Halogenation is a prominent attribute of natural products in the marine environment due to the high concentrations of halide ions in seawater, with ~500 mM chloride, ~1 mM bromide, and ~ 0.001 mM iodide (33). Accordingly, several thousand chlorine- and bromine-containing metabolites have been reported, compared to less than 200 iodine-containing metabolites (34). Among them are only a small number of chloro-iodo metabolites, including tryptophan derivatives isolated from a marine sponge (35) and coral-derived diterpenoids (36). In the pelagic ecosystem, the formation of metabolites that are both chlorinated and iodinated has been reported only for volatile organohalogens, such as chloroiodomethane (29, 37). While some halogenated metabolites have antioxidant and antipathogen activity (38), little is known about their ecological roles in the marine environment. All known algal halogenases belong to the class of haloperoxidases (39), which lead to the formation of halogenated metabolites following the oxidation of halides by H2O2. Recently, H2O2 was shown to play a pivotal role in regulating E. huxleyi cell death during the onset of the lytic phase of viral infection (40). Therefore, the increased levels of halogenated metabolites may be a result of enhanced haloperoxidase activity in E. huxleyi cells, acting as a possible strategy to scavenge surplus reactive oxygen species during viral infection. However, to date, no halogenases have been reported for E. huxleyi. Recently, a halogenase encoded by a marine cyanophage was found (41), illustrating how viruses can expand the metabolic capabilities of the infected host. Once part of the DOM pool, the chloro-iodo metabolites may be subjected to microbial activity, including transformation, assimilation, and remineralization processes. For example, Rhodobacteraceae, heterotrophic bacteria that are closely associated with E. huxleyi blooms, are known to encode dehalogenases (42). Thus, it would be interesting to investigate whether Rhodobacteraceae can use the chloro-iodo metabolites as a carbon or energy source.

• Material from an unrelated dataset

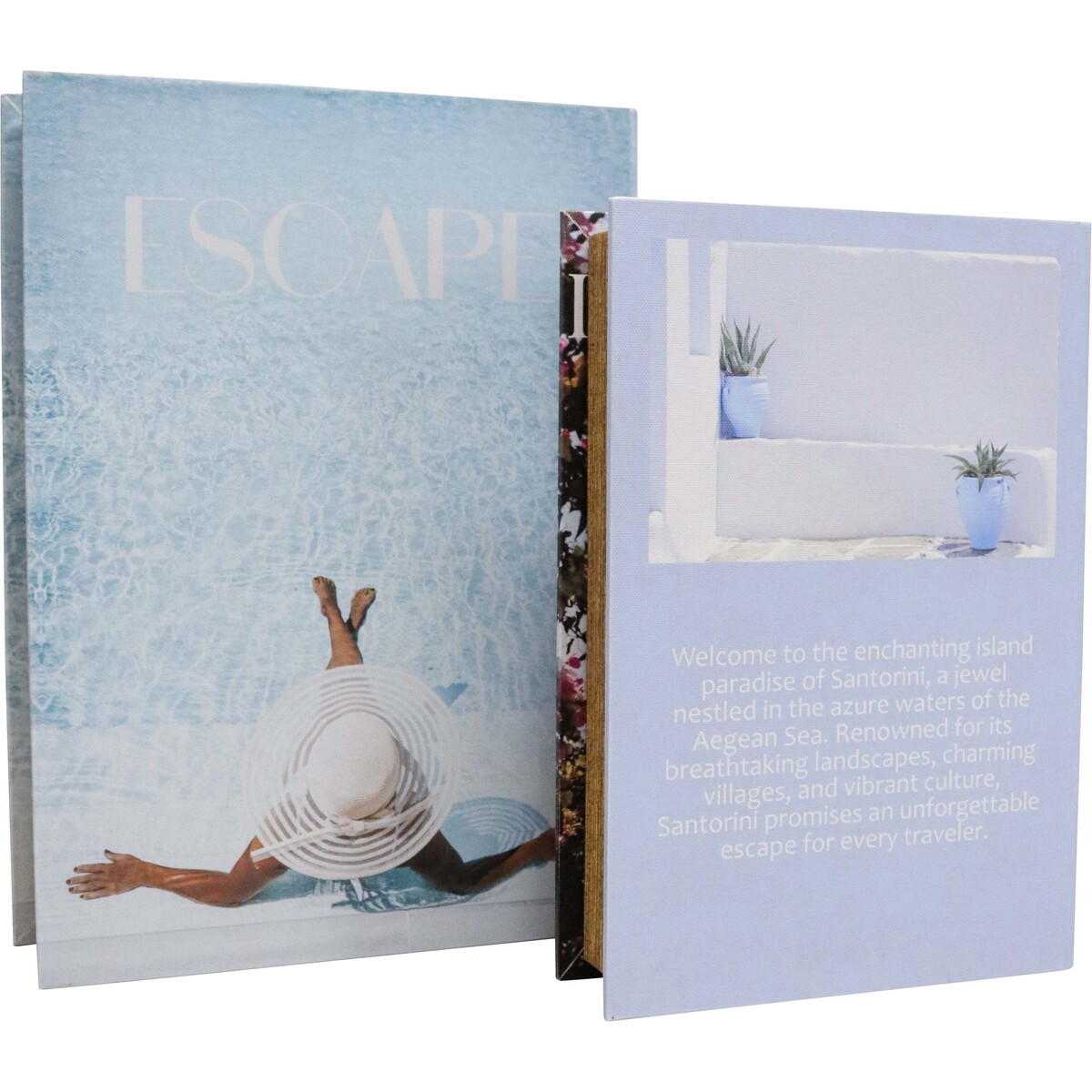 These book boxes also serve as an idyllic gift choice, promising to be a hit with consumers looking for that perfect blend of practicality and escapism. The 'Escape' and 'Santorini' designs evoke a yearning for sun-soaked shores and you can add that splash of vacation allure to a room's ambiance without ever having to leave. Let your customers be swept away by the charming elegance of the Book Box S/2 Lrg Escape Isles, a must-have for those who appreciate the finer details in decor.

The importance of the viral shunt to the marine DOM pool was first highlighted more than 20 years ago (10). Since then, the role of viruses as major ecological and evolutionary drivers in the aquatic ecosystem has become increasingly apparent (43). Nevertheless, we still lack quantitative tools to assess the extent of the viral shunt, its metabolic composition, and the direct consequences for the marine microbial community. By applying an untargeted exometabolomics approach in high temporal resolution, we mapped the metabolic landscape of biologically active, labile DOM that evolves during phytoplankton bloom succession. We further resolved the metabolic footprint of lytic viral infection of E. huxleyi in the marine environment, revealing that halogenation with both chlorine and iodine is a hallmark of the E. huxleyi vDOM. Accumulation of the halogenated vDOM metabolites during bloom demise indicates their stability under environmental conditions. Consequently, they may serve as metabolic biomarkers for the quantification of the viral shunt in E. huxleyi blooms. Decoding the unique metabolic landscape produced by different microbial interactions that control cell fate in phytoplankton blooms will provide essential insights into the impact of these microscale interactions on large-scale biogeochemical processes in the marine environment.
MATERIALS AND METHODS
Chemicals and internal standards
All solvents and metabolite standards were obtained at highest purity. Hydrochloric acid [HCl, ≥32% (T), Fluka] and methanol (Chromasolv LC-MS Ultra) used for SPE were purchased from Honeywell (Seelze, Germany). For all other purposes, methanol [ultragradient high-performance liquid chromatography (HPLC)] was purchased from J. T. Baker (Norway). Acetonitrile (ULC/MS), methyl tert-butyl ether (MTBE, HPLC), hexane (HPLC), and formic acid (99%, ULC/MS) were purchased from Bio-Lab (Jerusalem, Israel). Acetone (≥99.8%, Chromasolv HPLC) was purchased from Sigma-Aldrich (Saint Louis, MO, USA). Water (HiPerSolv Chromanorm) used for SPE was purchased from VWR (Oslo, Norway). For all other purposes, water was purified by a Milli-Q system (resistivity of 18.2 megohm cm at 25°C, total organic carbon <5 parts per billion; Merck Millipore, Molsheim, France). Indole-3-acetic-2,2-d2 acid (d2-IAA; ≥98%) and N-hexanoyl-l-homoserine lactone-d3 (d3-C6-HSL; ≥99%) were used as isotopically labeled extraction standards (Santa Cruz Biotechnology, Dallas, TX, USA). Caffeine-(trimethyl-d9) (98%; Sigma-Aldrich) and l-tryptophan-d5 (98%; Cambridge Isotope Laboratories, Andover, MA, USA) were used as isotopically labeled injection standards for ultraperformance LC–HRMS (UPLC-HRMS) analysis.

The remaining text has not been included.